Beethoven’s symptoms and the findings from his autopsy revealed that liver failure was the causative factor in his death. We have now found evidence that Beethoven had a significant genetic predisposition to developing cirrhosis of the liver. Based on such a predisposition, unfavorable external factors, such as alcohol consumption or infection with a hepatitis virus, can unleash their fatal effects much sooner.
How do you rank your results?
We were unable to prove any genetic causes for Beethoven’s hearing problems and abdominal complaints. However, this doesn’t mean that there may not be a connection between these symptom complexes. Beethoven’s genome data have now been published. This means research groups can use these data to conduct their own studies. Knowledge of the genetic causes of disease continues to grow, and new genes that contribute to the development of disease are being identified. It may well be that at least a partially genetic cause will be found for these symptom complexes in the future.
How reliable are your results?
Due to the age of Beethoven’s DNA, it is currently possible to make a reliable statement about around 55 percent of the genome. In addition to these sequenced regions, some neighboring regions of the genome can be inferred using statistical methods. However, this is still less in total than when blood is taken from a patient today and the genetic material is analyzed almost completely. New methods or DNA from additional samples could complete Beethoven’s genome in the future. Then there may also be new information on the previously inexplicable symptom complexes: for example, the hearing impairments and the gastrointestinal complaints.

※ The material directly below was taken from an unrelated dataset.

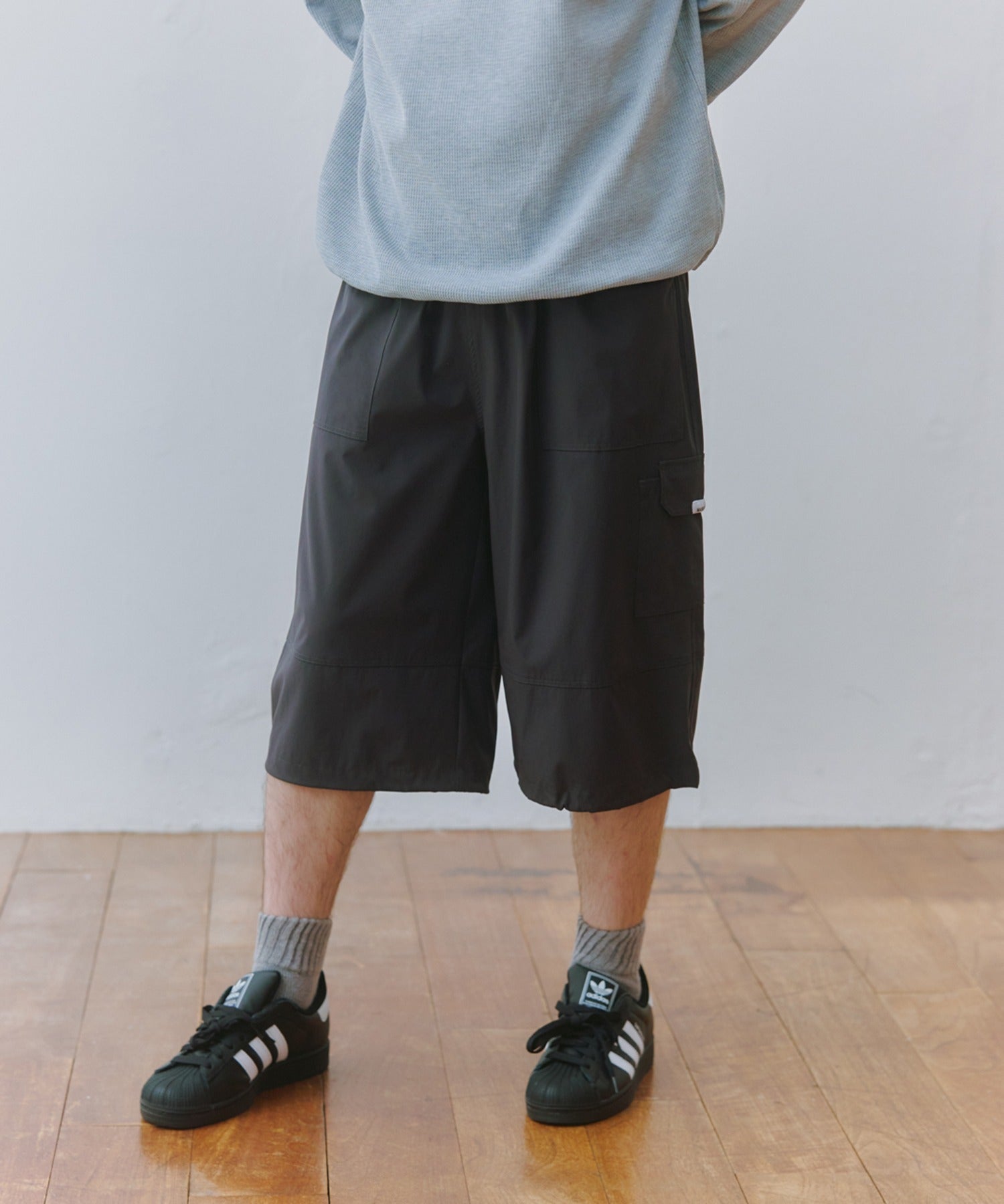 両サイドに配置されたカーゴポケットは、実用性と程よいアクセントの両立を意識しています。

Can scientific methods or results from this study be applied to other medical cases in human genetics?
Actually, it’s the other way around: We applied our findings from medical genetics to the case of Beethoven as an example. These data sets were not even available ten or 15 years ago. That’s why it was only now possible to arrive at such results. This shows the potential of such investigations: We can now use these methods to decipher individual disease stories like Beethoven’s step by step - as human genetic knowledge advances.
How do the results change the image of Ludwig van Beethoven?
The connection between physical constitution and artistic work is a very interesting musicological question. That’s where I reach my limits as a physician, but of course, we discussed this question. Exchange across disciplinary boundaries is an important goal of the project.
What is the biggest surprise from your point of view?
From a medical point of view, I find it very interesting how Beethoven’s example can be used to capture cirrhosis of the liver as an interaction of genetic and environmental factors. Both the genetic predisposition and the alcohol and viral infection go together here in a classic way in the sense of multifactorial disease development. I think it’s a great success to be able to work through this with a symptom complex like this.
Prof. Dr. Markus Nöthen heads the Institute of Human Genetics at the University Hospital Bonn. He also is a member of the Cluster of Excellence ImmunoSensation2 as well as the Transdisciplinary Research Area Life and Health. In the current study, Prof. Nöthen was instrumental in interpreting the genome data of Ludwig van Beethoven.